I'm trying my first steps in ML using Jupter's IPython, I was advised to start with Nasdaq's order book ITCH dataset to create models. I'm following the same steps in this tutorial on github.
I can't seem to unzip/expand files from the ITCH dataset, when executing the function may_be_download(url)
and the following code (code cell nr.5 in tutorial):
file_name = may_be_download(urljoin(FTP_URL, SOURCE_FILE))

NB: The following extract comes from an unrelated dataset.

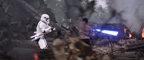 Finn, joué par John Boyega, est un personnage complexe. Il est d'abord un stormtrooper, c'est-à-dire un soldat du Premier Ordre, avant de quitter son poste pour des raisons inconnues. Finn dit avoir été "élevé pour faire une chose" mais "n'a aucune raison de se battre". Une fois échappé, il rencontre Rey sur la planète Jakku. Elle le fait entrer dans la Résistance. Comme la jeune femme, on ne sait pas grand-chose de son passé. "Tu ne sais rien de moi, de ce que j'ai vu", explique-t-il d'ailleurs dans un spot TV.

date = file_name.name.split('.')[0]
I get the following error; EOFError: Compressed file ended before the end-of-stream marker was reached
Nor am I able to simply unzip the file by clicking on it in Finder or using gzip
& gunzip
methods in Terminal.
I took the following steps:
- Executed all previous code cells (1-4)
- Copied the file
03272019.NASDAQ_ITCH50.gz
to a folder nameddata
in the relative path- First I went clicked on the sample link in the notebook
- Then logged in as a guest and navigated to the folder
Nasdaq ITCH
- Then located the file
03272019.NASDAQ_ITCH50.gz
and copyed it a local folder.
- Executed code cell nr.5 listed above.
I've search and tried numerous solutions to similar issues listed here on Stack and Github, but none seem to solve this particular problem. I would deeply appreciate any help and thoughts on what may be occurring and how I might go about solving this.
I'll leave you with a picture of the error logs, assuming it may be of some help
Thanks for reading.
I downloaded that file and one other from that site. They both appear to be corrupted, both failing with incomplete deflate data.
What's more, there are MD5 signatures for the files there, and what is downloaded has MD5 signatures that do not match.
This is not being caused by the ftp server doing end-of-line conversions, because the lengths of the file in bytes match exactly the lengths on the server. Also a histogram of the byte values shows no bias.